Supplied entries section start

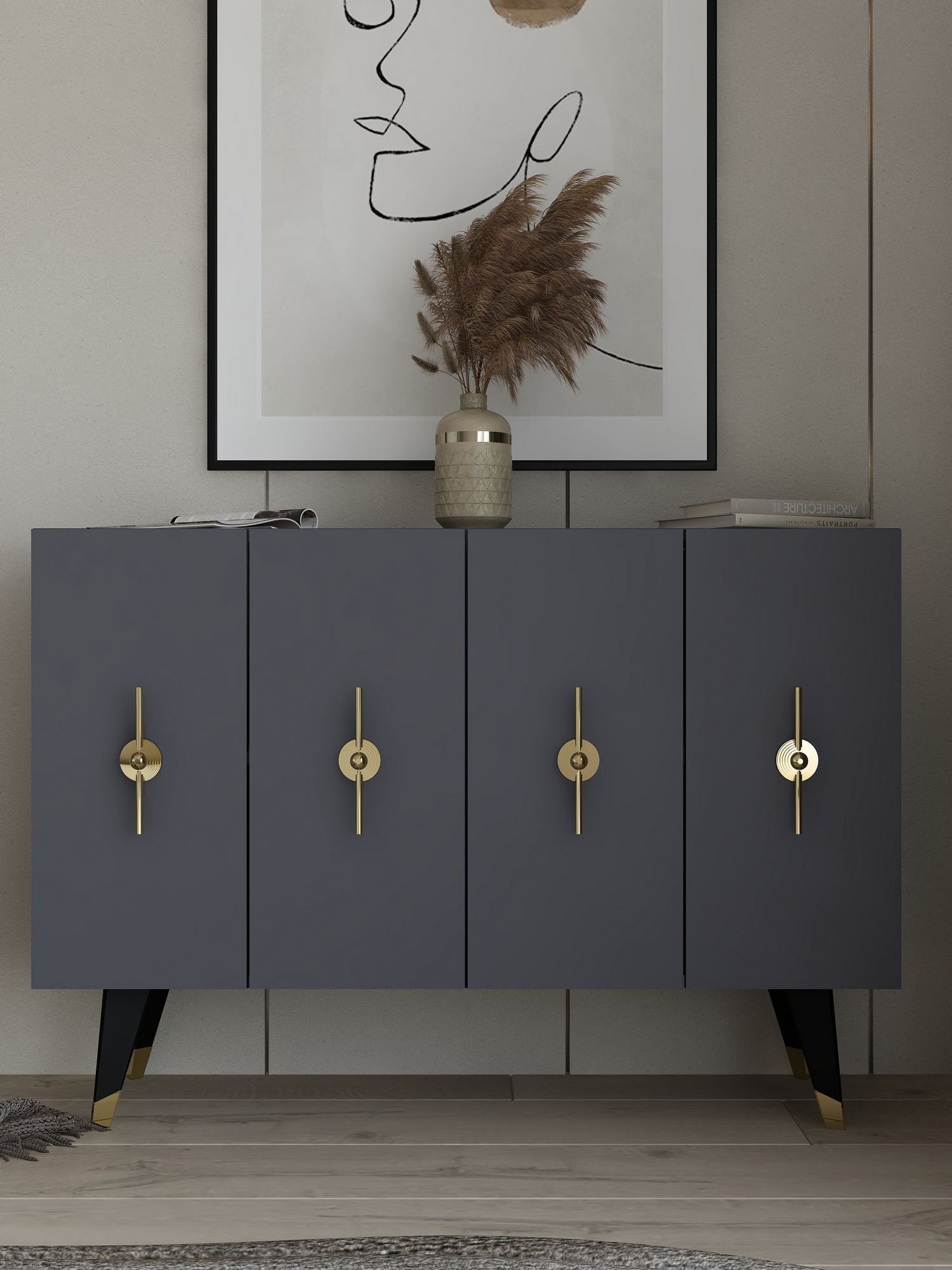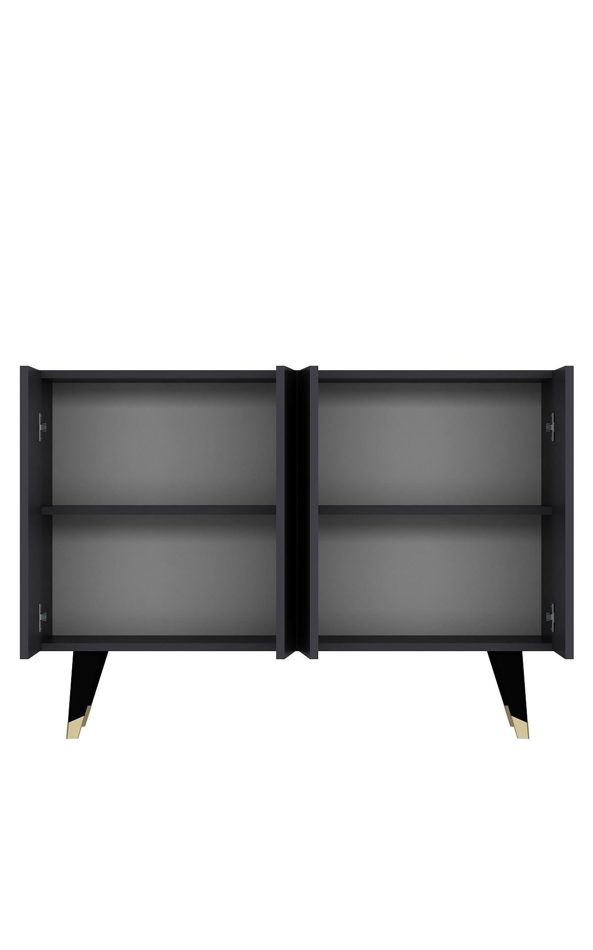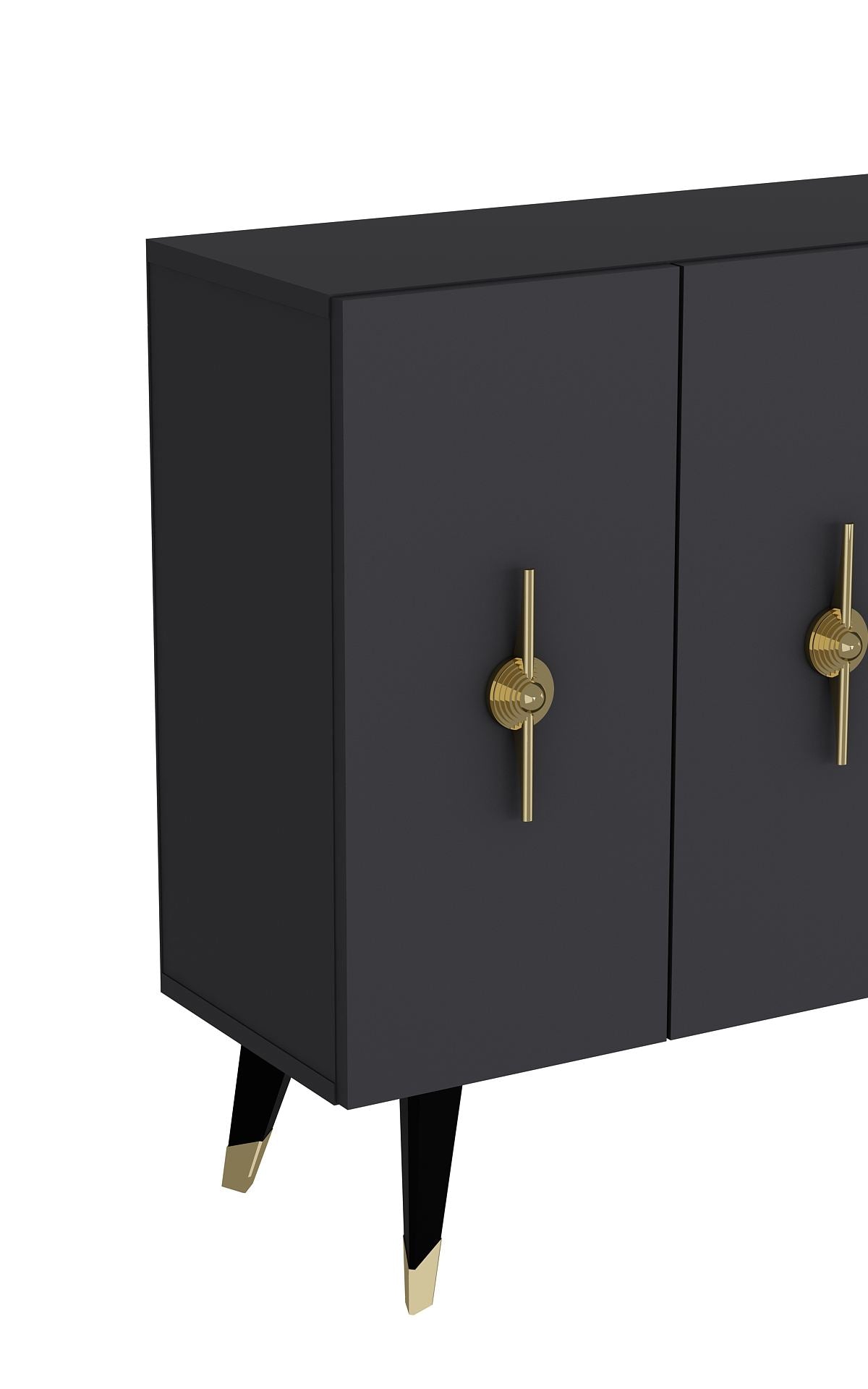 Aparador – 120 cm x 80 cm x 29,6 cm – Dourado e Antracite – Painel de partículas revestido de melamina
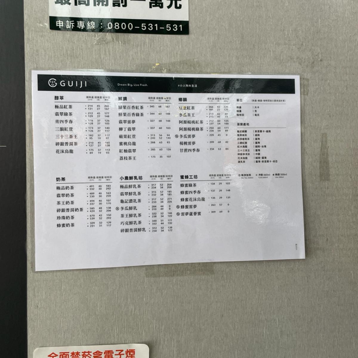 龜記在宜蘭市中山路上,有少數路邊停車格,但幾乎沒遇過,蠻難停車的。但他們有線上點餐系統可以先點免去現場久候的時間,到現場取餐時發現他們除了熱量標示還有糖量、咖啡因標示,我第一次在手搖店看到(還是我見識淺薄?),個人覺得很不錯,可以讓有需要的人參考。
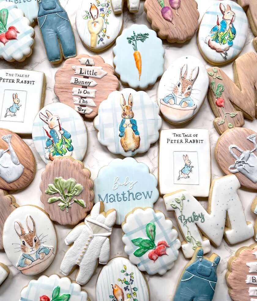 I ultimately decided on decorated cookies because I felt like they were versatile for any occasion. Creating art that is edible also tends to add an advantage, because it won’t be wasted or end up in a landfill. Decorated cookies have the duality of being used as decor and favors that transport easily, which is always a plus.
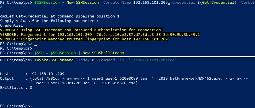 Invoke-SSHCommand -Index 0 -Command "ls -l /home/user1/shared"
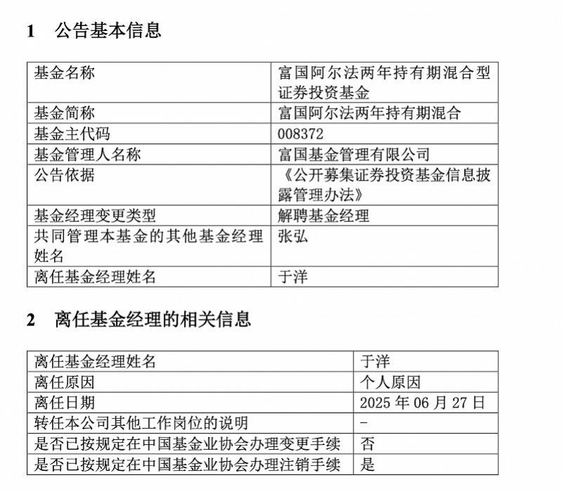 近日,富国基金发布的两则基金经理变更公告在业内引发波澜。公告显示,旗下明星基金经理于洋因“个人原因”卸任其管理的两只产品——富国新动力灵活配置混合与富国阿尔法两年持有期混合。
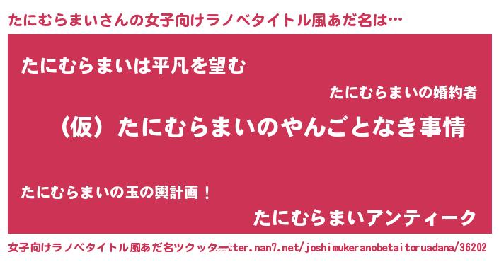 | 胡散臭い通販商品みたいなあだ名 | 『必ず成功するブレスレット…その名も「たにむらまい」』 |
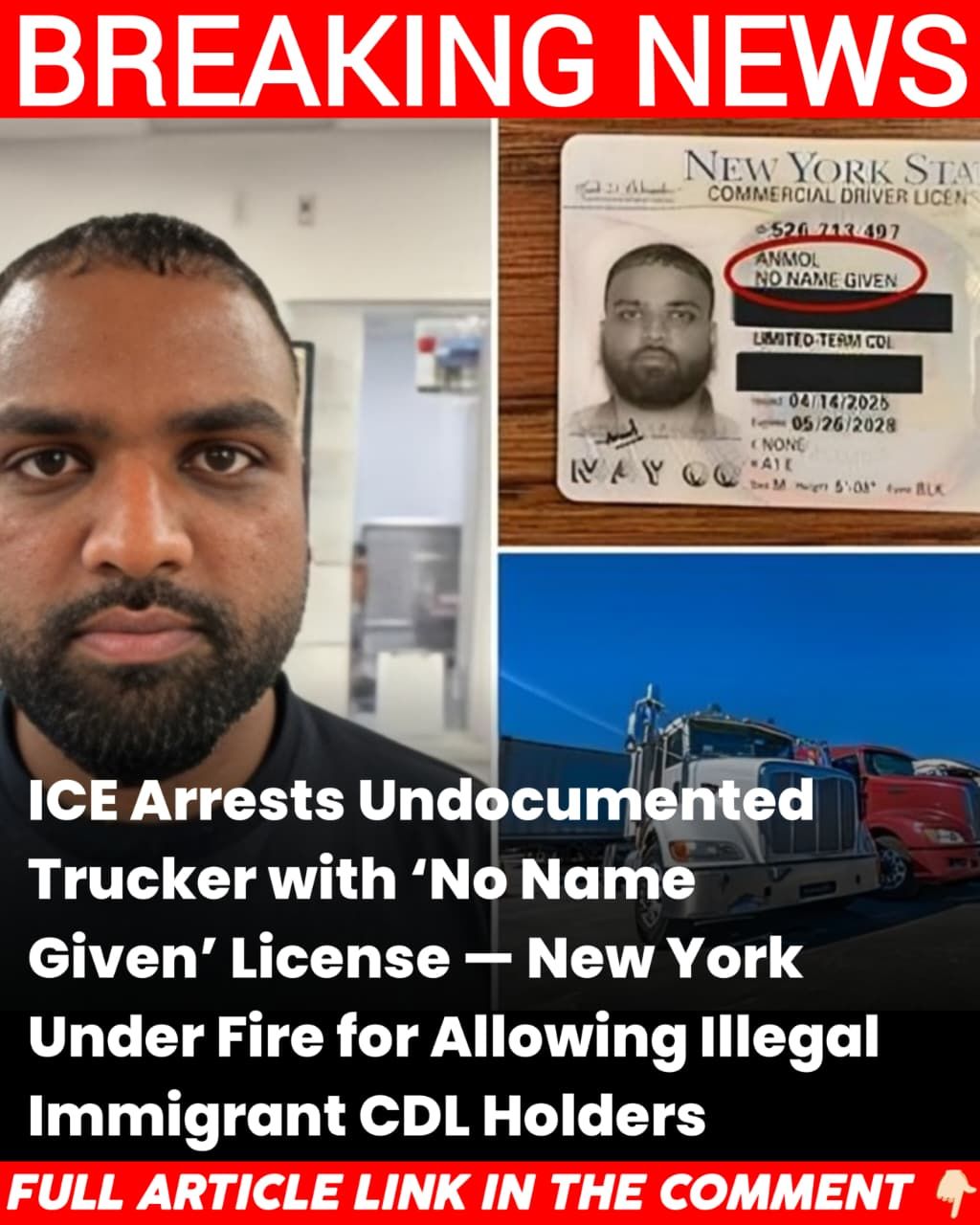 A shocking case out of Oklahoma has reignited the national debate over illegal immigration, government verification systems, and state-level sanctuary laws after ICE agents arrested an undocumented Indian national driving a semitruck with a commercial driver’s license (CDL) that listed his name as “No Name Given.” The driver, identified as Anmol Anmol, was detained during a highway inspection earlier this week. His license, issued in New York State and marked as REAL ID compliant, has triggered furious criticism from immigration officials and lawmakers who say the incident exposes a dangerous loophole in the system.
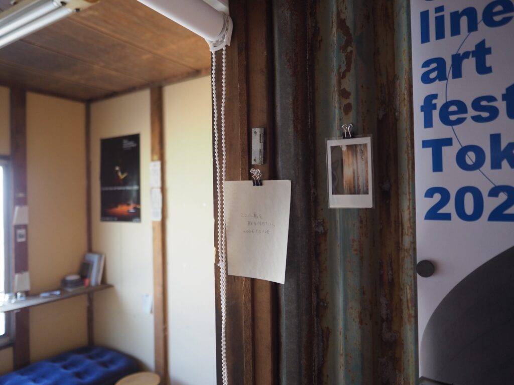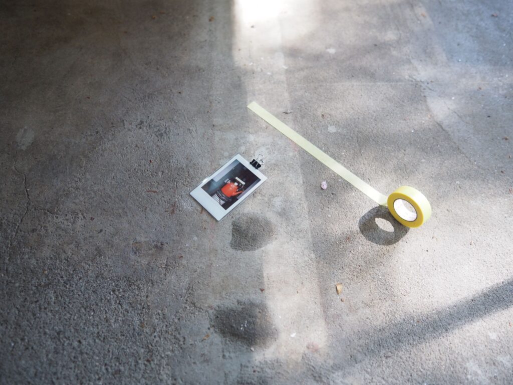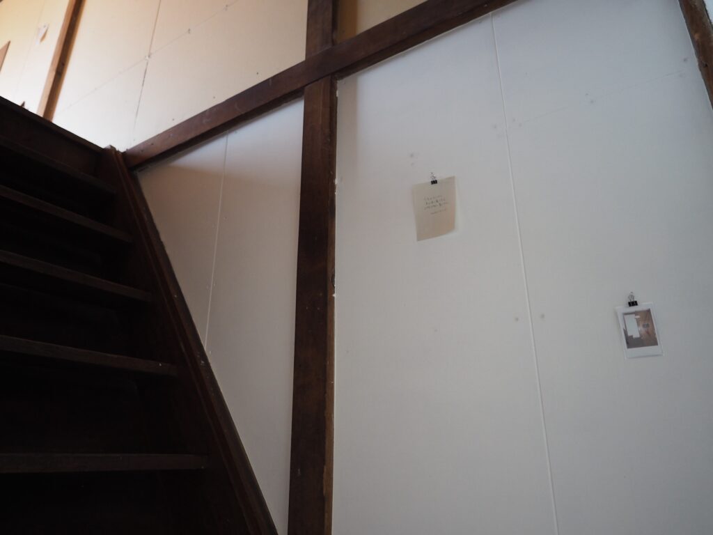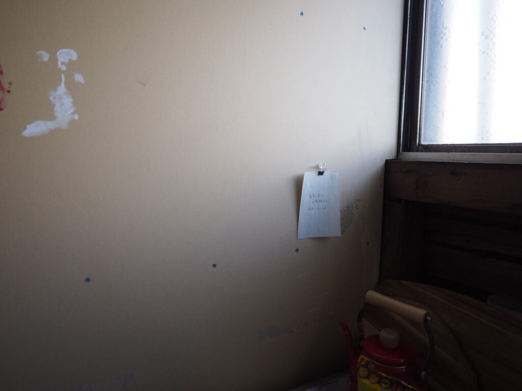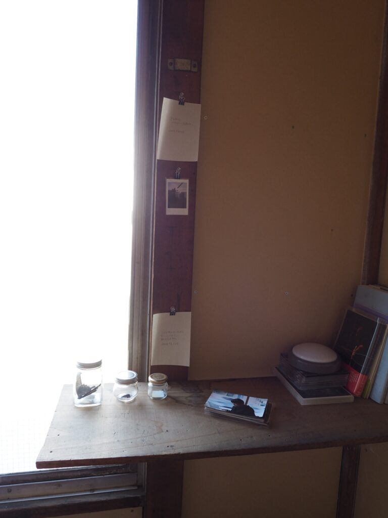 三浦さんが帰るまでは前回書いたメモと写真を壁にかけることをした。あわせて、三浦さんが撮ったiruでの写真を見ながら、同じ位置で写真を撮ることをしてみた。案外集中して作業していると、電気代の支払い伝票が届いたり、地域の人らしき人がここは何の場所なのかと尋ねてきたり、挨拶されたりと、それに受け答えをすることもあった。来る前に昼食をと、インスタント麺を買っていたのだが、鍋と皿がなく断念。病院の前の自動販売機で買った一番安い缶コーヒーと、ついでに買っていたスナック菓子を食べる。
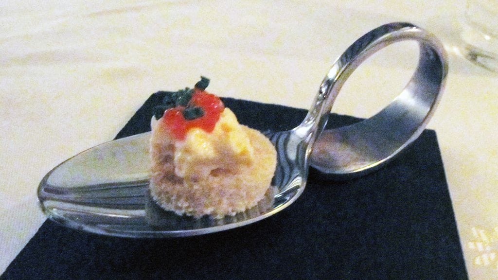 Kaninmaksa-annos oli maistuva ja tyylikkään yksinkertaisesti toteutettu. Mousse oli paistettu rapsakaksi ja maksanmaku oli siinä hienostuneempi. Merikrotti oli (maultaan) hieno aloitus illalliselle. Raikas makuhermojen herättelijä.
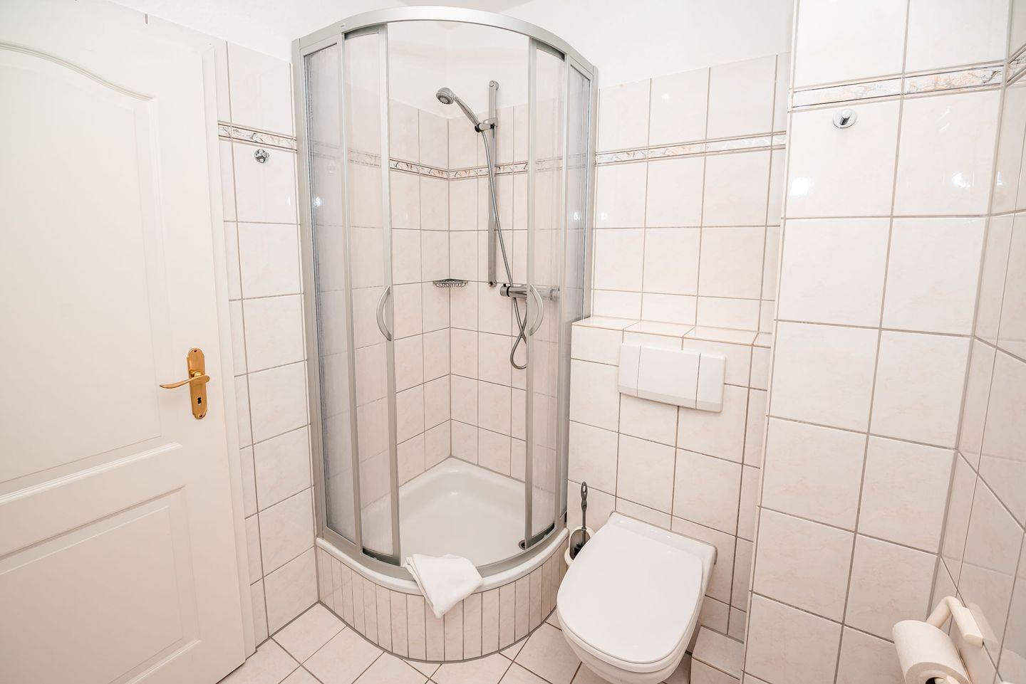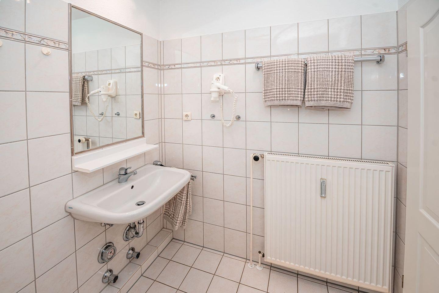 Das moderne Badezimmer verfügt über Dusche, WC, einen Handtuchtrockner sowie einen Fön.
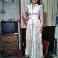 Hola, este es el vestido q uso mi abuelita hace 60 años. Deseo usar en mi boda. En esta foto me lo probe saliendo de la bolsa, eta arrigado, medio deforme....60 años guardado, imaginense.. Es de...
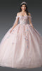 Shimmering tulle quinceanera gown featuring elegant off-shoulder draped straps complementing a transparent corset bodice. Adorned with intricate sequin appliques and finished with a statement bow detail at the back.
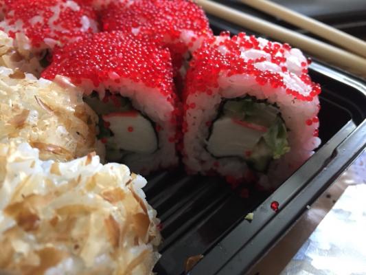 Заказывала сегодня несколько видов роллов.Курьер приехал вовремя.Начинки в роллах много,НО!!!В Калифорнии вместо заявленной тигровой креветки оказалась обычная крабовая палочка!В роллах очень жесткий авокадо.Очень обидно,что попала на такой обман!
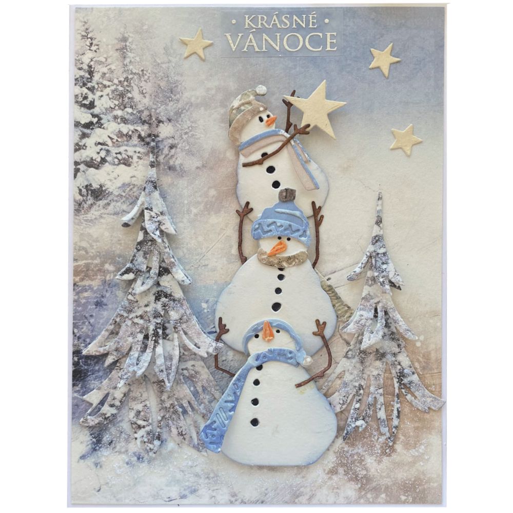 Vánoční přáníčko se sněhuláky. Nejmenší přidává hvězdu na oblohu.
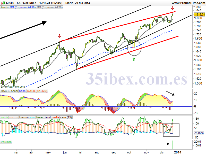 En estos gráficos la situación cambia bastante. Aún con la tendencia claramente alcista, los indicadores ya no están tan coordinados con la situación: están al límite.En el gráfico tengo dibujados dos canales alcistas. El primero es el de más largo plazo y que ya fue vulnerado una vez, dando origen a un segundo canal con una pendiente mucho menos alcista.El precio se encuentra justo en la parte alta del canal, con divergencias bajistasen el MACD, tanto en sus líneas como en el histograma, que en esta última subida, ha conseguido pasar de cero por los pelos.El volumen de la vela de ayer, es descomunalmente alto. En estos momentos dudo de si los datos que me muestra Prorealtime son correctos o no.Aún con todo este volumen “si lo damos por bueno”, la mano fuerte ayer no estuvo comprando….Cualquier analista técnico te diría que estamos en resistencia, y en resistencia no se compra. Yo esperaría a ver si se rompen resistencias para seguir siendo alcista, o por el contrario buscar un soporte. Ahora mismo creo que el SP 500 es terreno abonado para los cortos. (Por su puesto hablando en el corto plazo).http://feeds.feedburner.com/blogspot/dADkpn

Supplied entries section end

Write out the lines of the material above exactly, from its first line through the line that contains "A shocking case", so that no picture appears in the copy.

 Aparador – 120 cm x 80 cm x 29,6 cm – Dourado e Antracite – Painel de partículas revestido de melamina
 龜記在宜蘭市中山路上,有少數路邊停車格,但幾乎沒遇過,蠻難停車的。但他們有線上點餐系統可以先點免去現場久候的時間,到現場取餐時發現他們除了熱量標示還有糖量、咖啡因標示,我第一次在手搖店看到(還是我見識淺薄?),個人覺得很不錯,可以讓有需要的人參考。
 I ultimately decided on decorated cookies because I felt like they were versatile for any occasion. Creating art that is edible also tends to add an advantage, because it won’t be wasted or end up in a landfill. Decorated cookies have the duality of being used as decor and favors that transport easily, which is always a plus.
 Invoke-SSHCommand -Index 0 -Command "ls -l /home/user1/shared"
 近日,富国基金发布的两则基金经理变更公告在业内引发波澜。公告显示,旗下明星基金经理于洋因“个人原因”卸任其管理的两只产品——富国新动力灵活配置混合与富国阿尔法两年持有期混合。
 | 胡散臭い通販商品みたいなあだ名 | 『必ず成功するブレスレット…その名も「たにむらまい」』 |
 A shocking case out of Oklahoma has reignited the national debate over illegal immigration, government verification systems, and state-level sanctuary laws after ICE agents arrested an undocumented Indian national driving a semitruck with a commercial driver’s license (CDL) that listed his name as “No Name Given.” The driver, identified as Anmol Anmol, was detained during a highway inspection earlier this week. His license, issued in New York State and marked as REAL ID compliant, has triggered furious criticism from immigration officials and lawmakers who say the incident exposes a dangerous loophole in the system.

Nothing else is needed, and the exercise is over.